» Required action: Shown below is a listing with pictures; reproduce exactly, and only, the lines between the ones containing "Алексей Максимович Горький" and "REGULAR® City Box-II", inclusive, leaving the pictures out.

Start of Records supplied

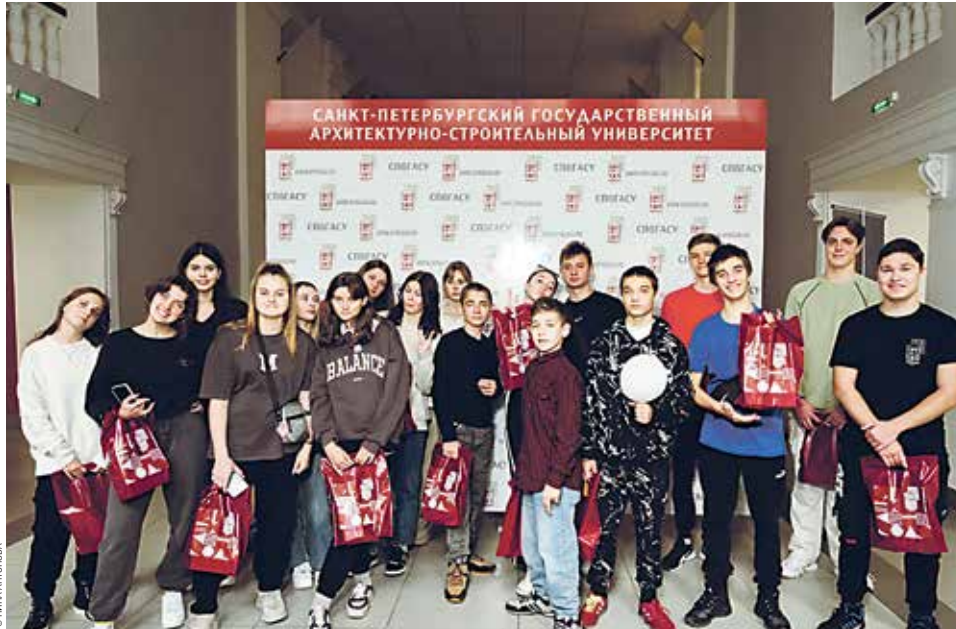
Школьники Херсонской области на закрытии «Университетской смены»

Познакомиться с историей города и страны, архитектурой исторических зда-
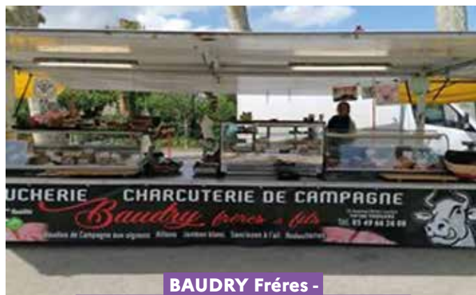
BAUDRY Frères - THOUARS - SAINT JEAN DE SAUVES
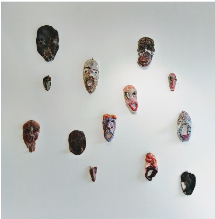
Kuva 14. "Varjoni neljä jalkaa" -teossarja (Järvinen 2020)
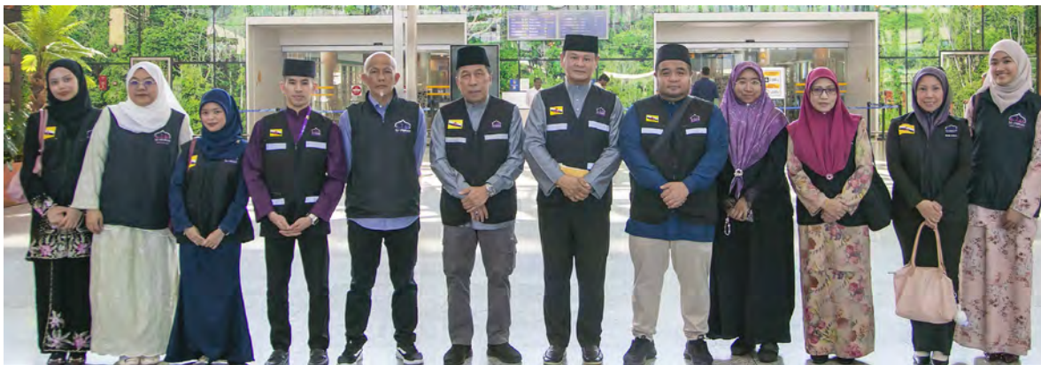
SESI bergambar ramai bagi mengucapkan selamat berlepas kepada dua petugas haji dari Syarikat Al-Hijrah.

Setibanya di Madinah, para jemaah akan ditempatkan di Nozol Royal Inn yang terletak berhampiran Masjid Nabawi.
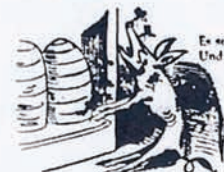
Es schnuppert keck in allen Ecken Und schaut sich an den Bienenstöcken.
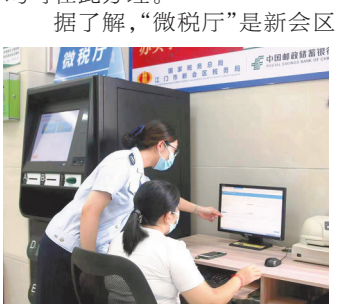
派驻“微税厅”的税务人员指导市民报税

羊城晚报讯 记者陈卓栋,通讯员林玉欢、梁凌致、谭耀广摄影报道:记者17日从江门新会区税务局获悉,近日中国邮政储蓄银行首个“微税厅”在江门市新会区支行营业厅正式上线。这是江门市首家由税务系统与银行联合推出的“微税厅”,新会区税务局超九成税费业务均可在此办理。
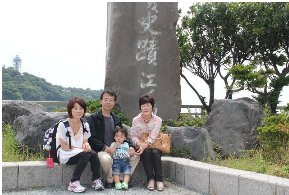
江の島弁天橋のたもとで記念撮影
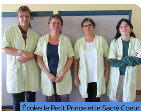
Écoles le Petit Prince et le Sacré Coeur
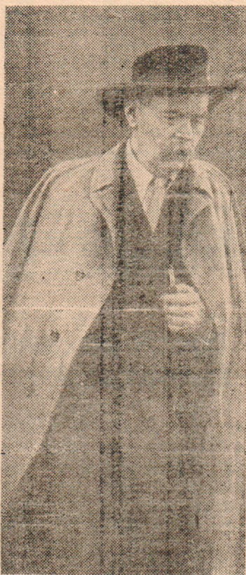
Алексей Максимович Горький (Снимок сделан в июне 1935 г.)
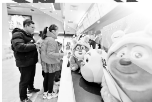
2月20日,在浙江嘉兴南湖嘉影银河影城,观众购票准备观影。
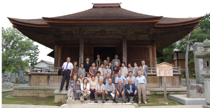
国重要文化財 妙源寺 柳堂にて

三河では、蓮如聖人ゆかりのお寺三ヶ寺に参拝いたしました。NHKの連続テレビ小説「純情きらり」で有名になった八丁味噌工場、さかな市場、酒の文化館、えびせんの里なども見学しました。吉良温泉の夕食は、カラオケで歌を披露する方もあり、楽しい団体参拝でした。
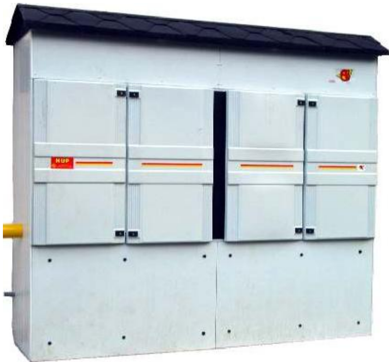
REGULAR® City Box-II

End of Records supplied
Start of Records supplied

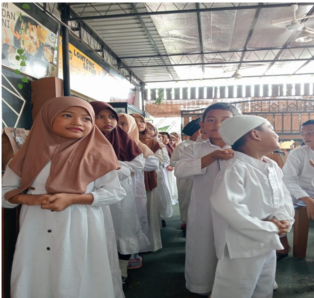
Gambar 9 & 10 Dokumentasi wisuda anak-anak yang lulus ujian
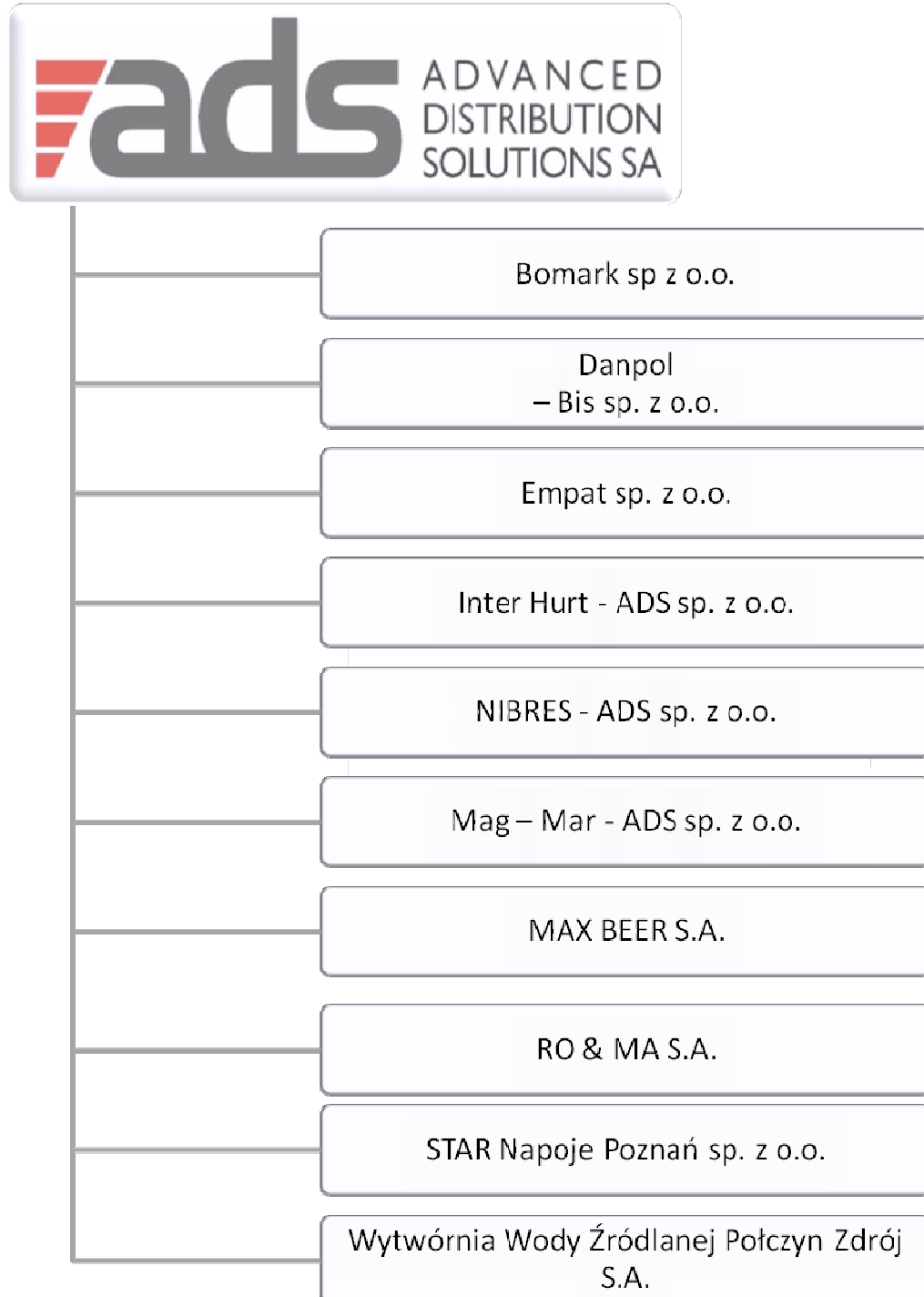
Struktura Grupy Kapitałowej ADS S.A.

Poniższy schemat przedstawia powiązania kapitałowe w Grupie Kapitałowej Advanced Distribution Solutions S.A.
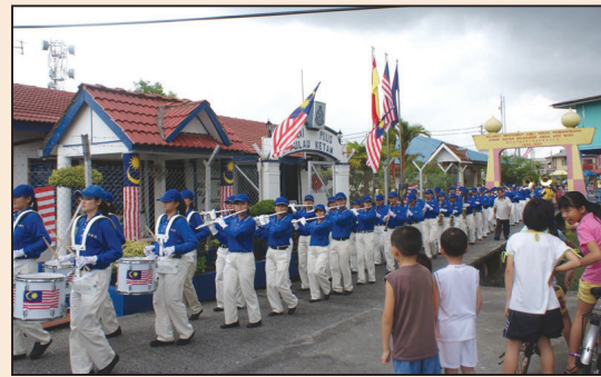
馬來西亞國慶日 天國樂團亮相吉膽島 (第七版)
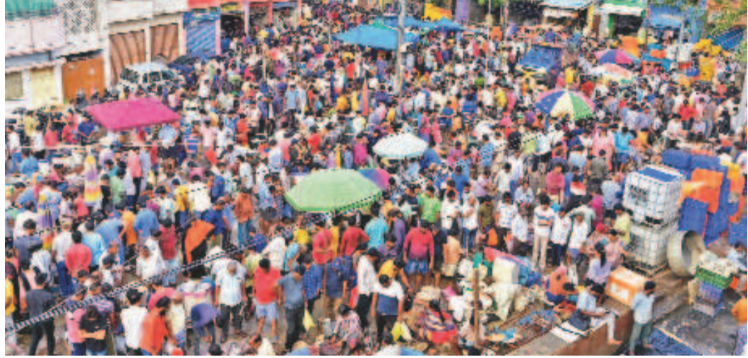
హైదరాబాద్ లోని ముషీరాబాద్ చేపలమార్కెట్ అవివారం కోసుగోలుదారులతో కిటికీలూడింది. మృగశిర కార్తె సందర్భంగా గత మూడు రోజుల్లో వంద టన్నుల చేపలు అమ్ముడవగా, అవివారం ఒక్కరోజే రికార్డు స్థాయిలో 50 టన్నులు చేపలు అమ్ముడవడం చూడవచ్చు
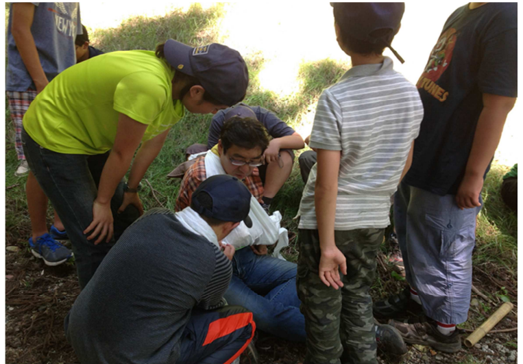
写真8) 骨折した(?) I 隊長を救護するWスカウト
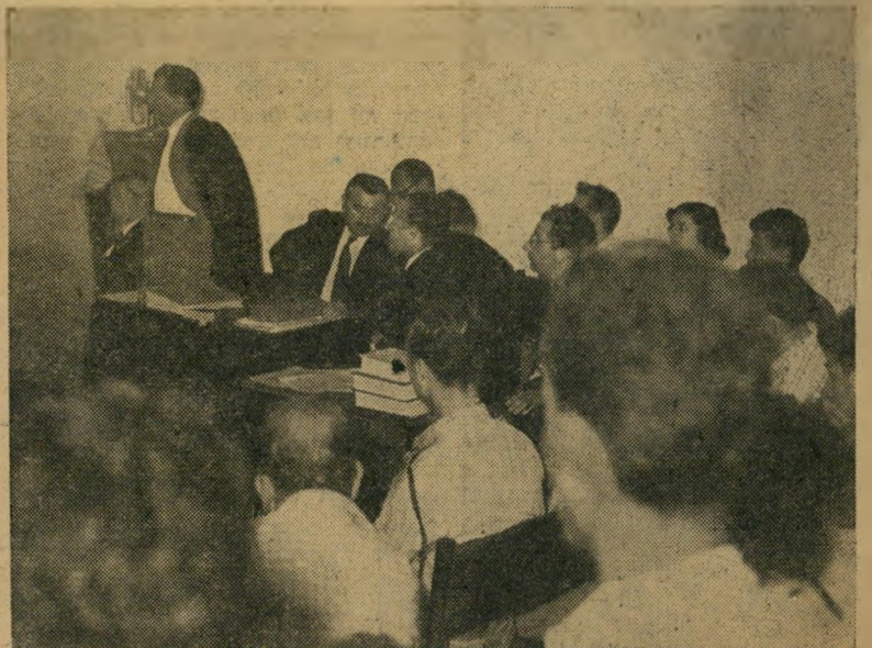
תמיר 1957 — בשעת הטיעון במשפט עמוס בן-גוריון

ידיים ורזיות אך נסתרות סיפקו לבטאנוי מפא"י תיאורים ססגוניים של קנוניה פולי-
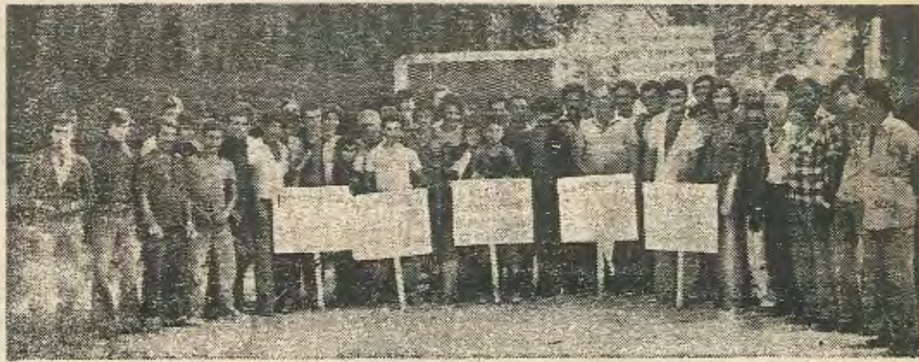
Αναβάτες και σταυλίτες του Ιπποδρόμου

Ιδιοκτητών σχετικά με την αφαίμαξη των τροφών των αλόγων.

End of Records supplied

» Solution:
Алексей Максимович Горький (Снимок сделан в июне 1935 г.)
2月20日,在浙江嘉兴南湖嘉影银河影城,观众购票准备观影。
国重要文化財 妙源寺 柳堂にて

三河では、蓮如聖人ゆかりのお寺三ヶ寺に参拝いたしました。NHKの連続テレビ小説「純情きらり」で有名になった八丁味噌工場、さかな市場、酒の文化館、えびせんの里なども見学しました。吉良温泉の夕食は、カラオケで歌を披露する方もあり、楽しい団体参拝でした。
REGULAR® City Box-II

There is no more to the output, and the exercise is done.